> [TASK REQUIREMENTS]
Shown below is a listing with pictures; reproduce exactly, and only, the lines between the ones containing "10月29日下午,太阳集团t" and "Excursions autour de", inclusive, leaving the pictures out.

> [DATA LISTING]
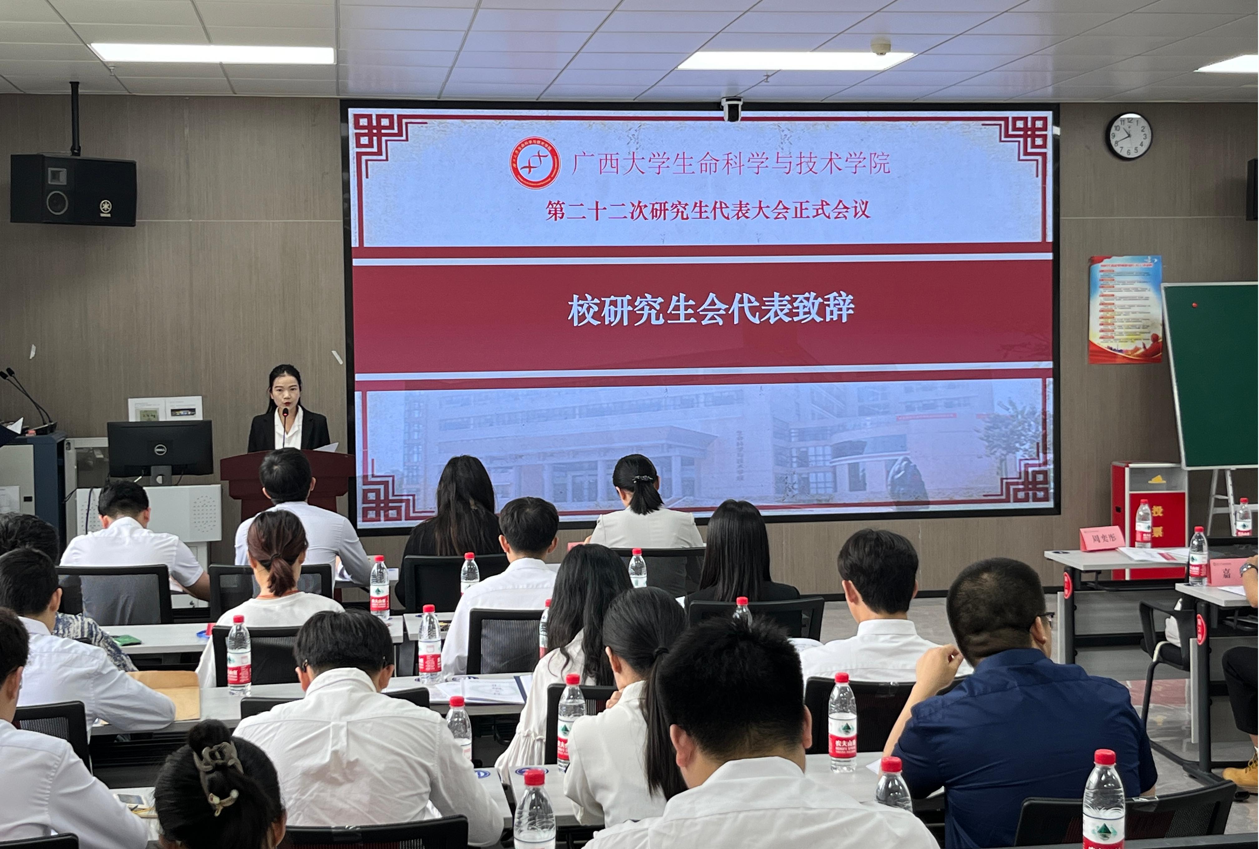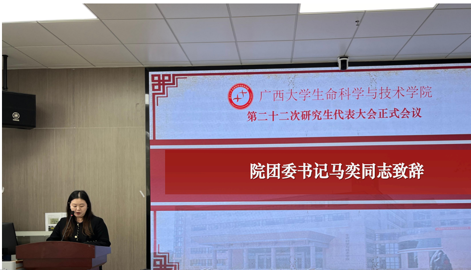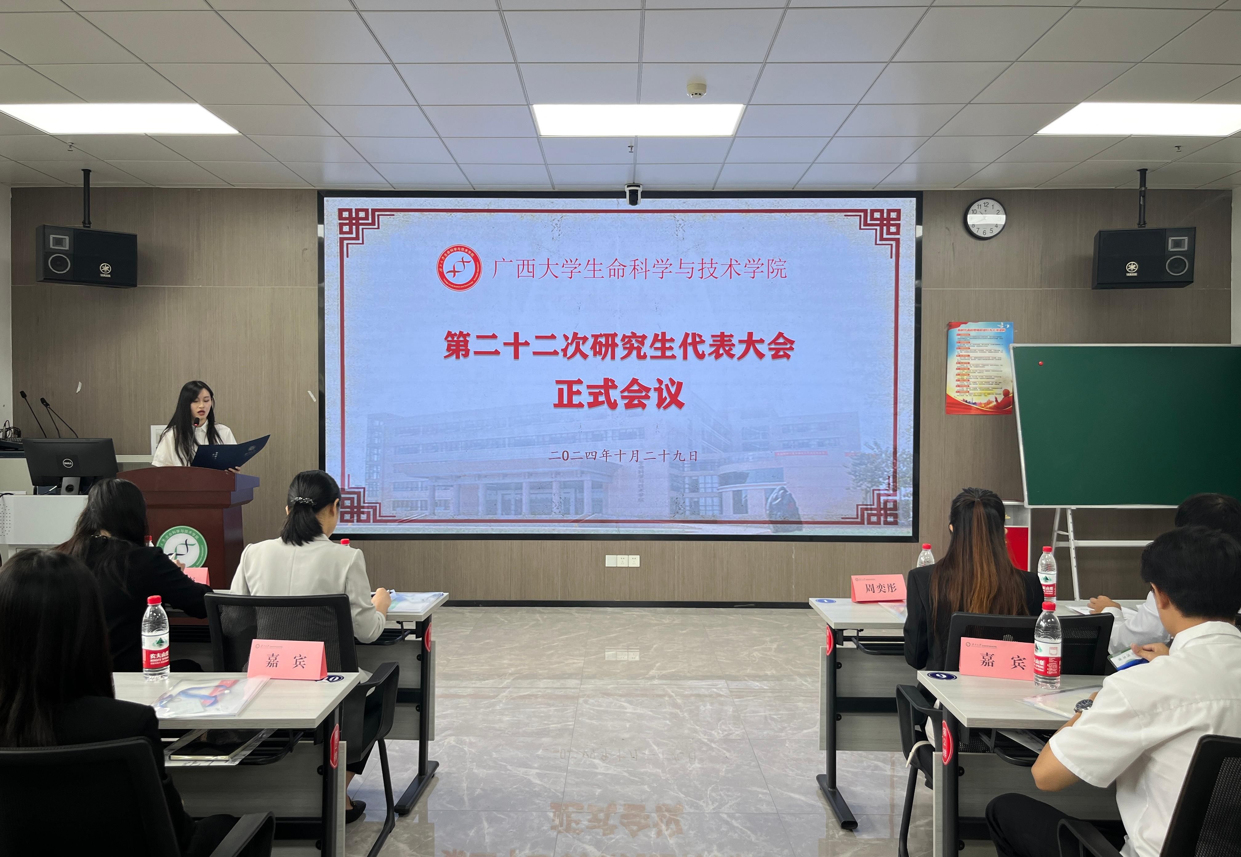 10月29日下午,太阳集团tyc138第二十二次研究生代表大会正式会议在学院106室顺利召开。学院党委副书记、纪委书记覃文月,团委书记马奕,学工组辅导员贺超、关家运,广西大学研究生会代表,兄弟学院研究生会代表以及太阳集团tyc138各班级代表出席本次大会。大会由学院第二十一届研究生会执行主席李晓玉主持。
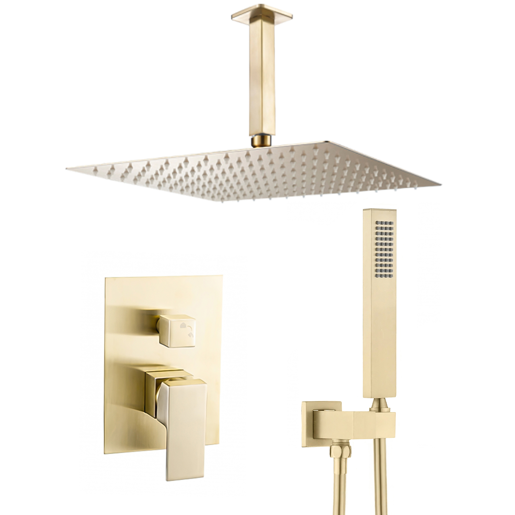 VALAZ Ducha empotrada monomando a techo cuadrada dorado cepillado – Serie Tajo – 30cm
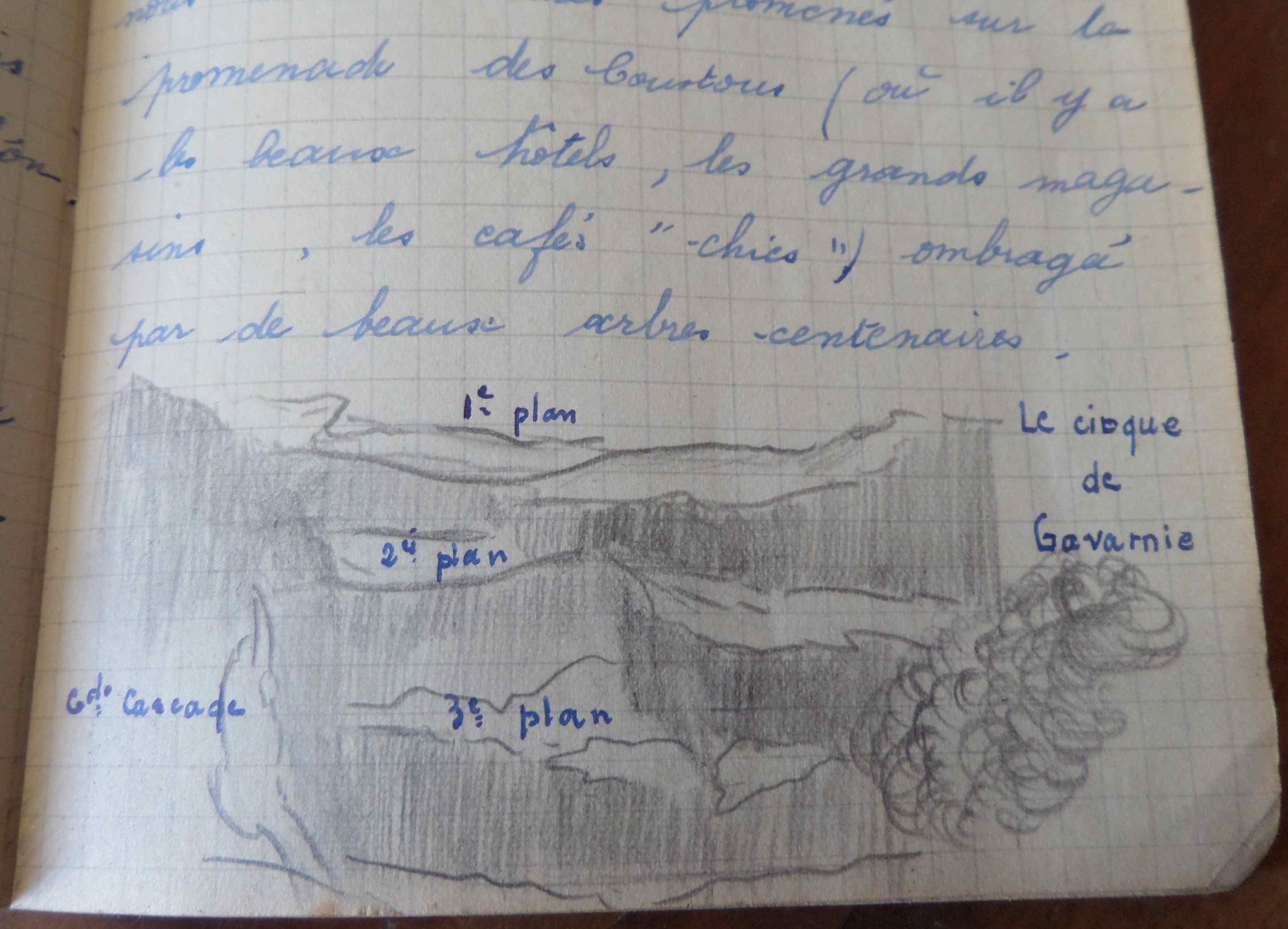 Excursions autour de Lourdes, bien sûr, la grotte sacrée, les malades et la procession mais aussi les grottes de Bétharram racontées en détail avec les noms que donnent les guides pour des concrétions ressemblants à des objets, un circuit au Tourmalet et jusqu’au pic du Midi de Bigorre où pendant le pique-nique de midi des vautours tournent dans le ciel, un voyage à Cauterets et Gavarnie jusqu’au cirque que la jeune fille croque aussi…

--

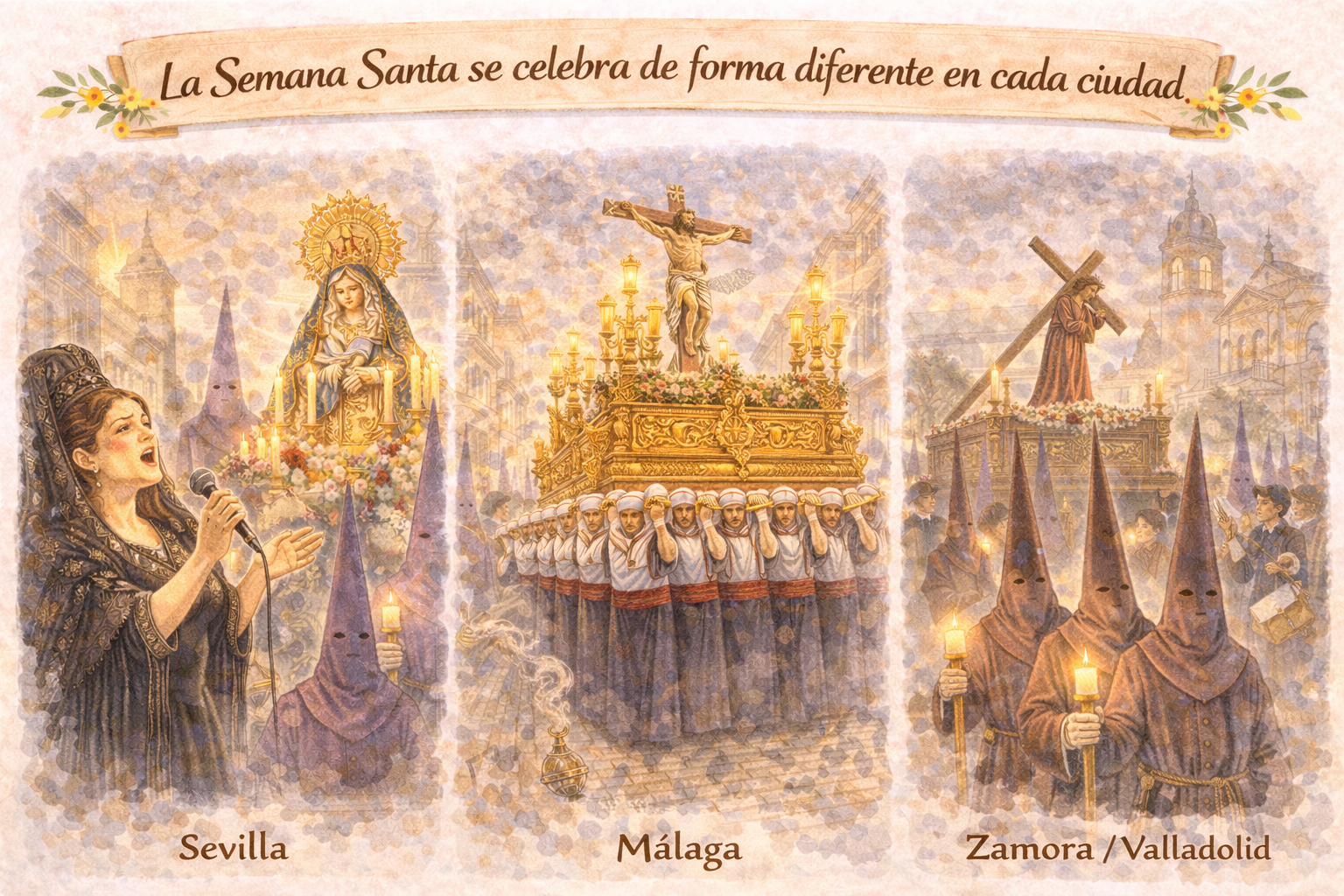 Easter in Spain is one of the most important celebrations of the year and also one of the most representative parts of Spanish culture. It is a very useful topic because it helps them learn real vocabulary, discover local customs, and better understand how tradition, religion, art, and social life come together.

> [REPLY TO THE TASK]
 10月29日下午,太阳集团tyc138第二十二次研究生代表大会正式会议在学院106室顺利召开。学院党委副书记、纪委书记覃文月,团委书记马奕,学工组辅导员贺超、关家运,广西大学研究生会代表,兄弟学院研究生会代表以及太阳集团tyc138各班级代表出席本次大会。大会由学院第二十一届研究生会执行主席李晓玉主持。
 VALAZ Ducha empotrada monomando a techo cuadrada dorado cepillado – Serie Tajo – 30cm
 Excursions autour de Lourdes, bien sûr, la grotte sacrée, les malades et la procession mais aussi les grottes de Bétharram racontées en détail avec les noms que donnent les guides pour des concrétions ressemblants à des objets, un circuit au Tourmalet et jusqu’au pic du Midi de Bigorre où pendant le pique-nique de midi des vautours tournent dans le ciel, un voyage à Cauterets et Gavarnie jusqu’au cirque que la jeune fille croque aussi…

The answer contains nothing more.